До ближайшего к Шаолиню города мы, действительно, доехали быстро. Но Чонгук сказал, что от него до монастыря около двенадцати-тринадцати километров, и лучше бы нам основную часть проделать пешком. После гостеприимства Шэньси я совсем забыла, что не на бал меня везут, и опекать, окружая меня тепличными условиями, никто не будет, так что снова возвращались испытания. Ещё было светло, день, и дорога не обещала быть совсем невыносимой, разве что по-прежнему припекало солнце, и путь стелился вверх. По лицу Шуги я видела, что не одну меня подобная перспектива приводит в расстройство. Ви предложил понести мой рюкзак.
– Да нет, я пока не устала, спасибо.
– Но если что – говори. – Я кивнула, и пошла за Чонгуком, как всегда идущим впереди. Мы договорились, что если будет ехать в нужном направлении какой-нибудь транспорт, в который уместимся все вчетвером, то попытаемся его тормознуть. Но время было уже неудачным, туристы и приезжие к вечеру уехали, а местные нечасто мотались в Шаолинь. Кое-что подходящее появилось, только когда десять километров были пройдены. Небольшой пикап с двумя мужчинами, старым и зрелым (похоже, отец и сын, ехавшие навестить какого-то своего отпрыска, ставшего адептом), подобрали нас и доставили до конца. Вытряхнувшись из салона, в котором было не менее жарко, чем на улице, потому что в старой машине не работал кондиционер, наш квартет пошёл по финишной прямой – крутой лестнице вверх. Там, вдали, виднелись ворота. Первые, за которые ещё пускали туристов и паломников. Потом, как предупредил Чонгук, будут ещё одни, и переступить их порог задача посложнее. Добравшись до ровной площадки, запыхавшись, я грохнула свою сумку на вымощенную плиткой землю и согнулась пополам, пока трое моих спутников осматривались. Высота ещё не полторы тысячи метров, мы всего лишь на подступах к вершинам Суншань – горы, на которой раскинулся монастырь. Воздух посвежел, небо потемнело.

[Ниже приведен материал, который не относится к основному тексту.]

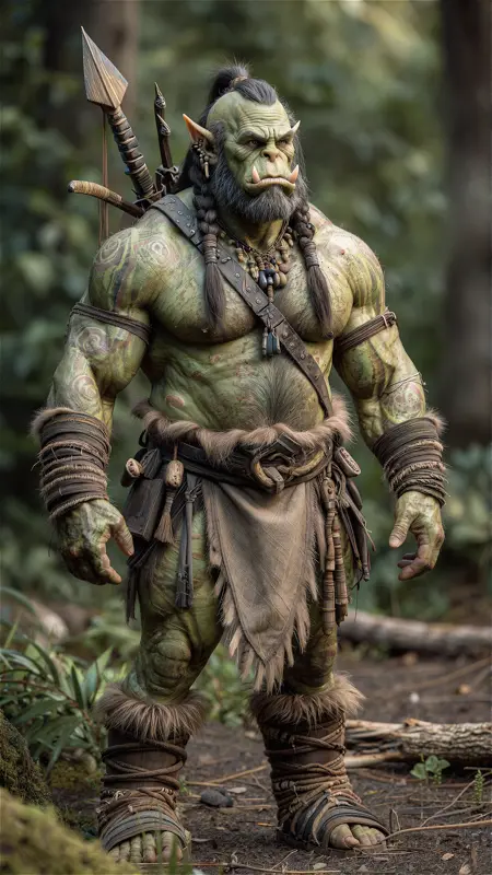 プロンプト例:a photography of a orcx orc warrior in a forest, cinematic.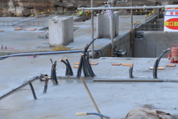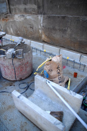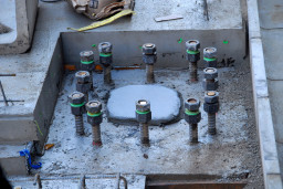 | 左の写真は建物を支える柱が取り付けられる部分。この下に約50mの杭が打ち込まれています。 柱は奇しくも12本の太い鉄筋で固定されます。12という数字は聖書の中で「完全数」と呼ばれていますが、まるで「この下にはそれだけしっかりとした強固な土台が据えられているんですよ!」ということを表しているかのようにも見えます。 |

Никаких любопытствующих и праздных зевак не осталось, мы были единственными (если не считать нескольких мальчишек разного возраста в серых халатах, и обритых) в небольшом дворике, с которого в разные стороны уводили другие лестницы, тропинки, открывался вид в три стороны на другие возвышенности, обрывы и внушающие трепет вертикальные утёсы.
– Ну, как тебе? – встав в позу иероглифа «середина», с руками в бока, вдохнул полную грудь Шуга.
– Ты… был… прав, – с запинками восстановила я дыхание. – Красиво.
– Если тебе тут нравится, – он наклонился ко мне, чтобы голос его не улетел никуда мимо, – то и от Тигриного лога будешь в восторге. Там не жизнь – песня! Правда, забраться чуточку сложнее. – По одной из лестниц, ведущих куда-то западнее, к зеленым, всё менее различимым от опускающихся сумерек зарослям, спускался монах.
– Я поговорю с ним, – взял это на себя Чонгук и, дав нам передышку, пошёл к налысо обритому буддисту. Я села на корточки, как это уже сделал Ви. Шуга присоединился.
– Вон там тренировочный лагерь, – указал он на низкие длинные постройки. – Сюда принимают даже совсем мелких, и они учатся до восемнадцати лет, после чего должны решить, останутся навсегда или уйдут. В год, бывает, полсотни новобранцев, условия армейские, сами убирают, стирают, готовят, при этом учатся, в общем, как во всех буддийских монастырях. – Сахарный, с характерным для него прищуром, обозрел по периметру всё вокруг, пока Чонгук продолжал толковать о чем-то с монахом. – Тренируются тут, правда, четыре часа утром, да два днём, а после обеда уже отдыхают.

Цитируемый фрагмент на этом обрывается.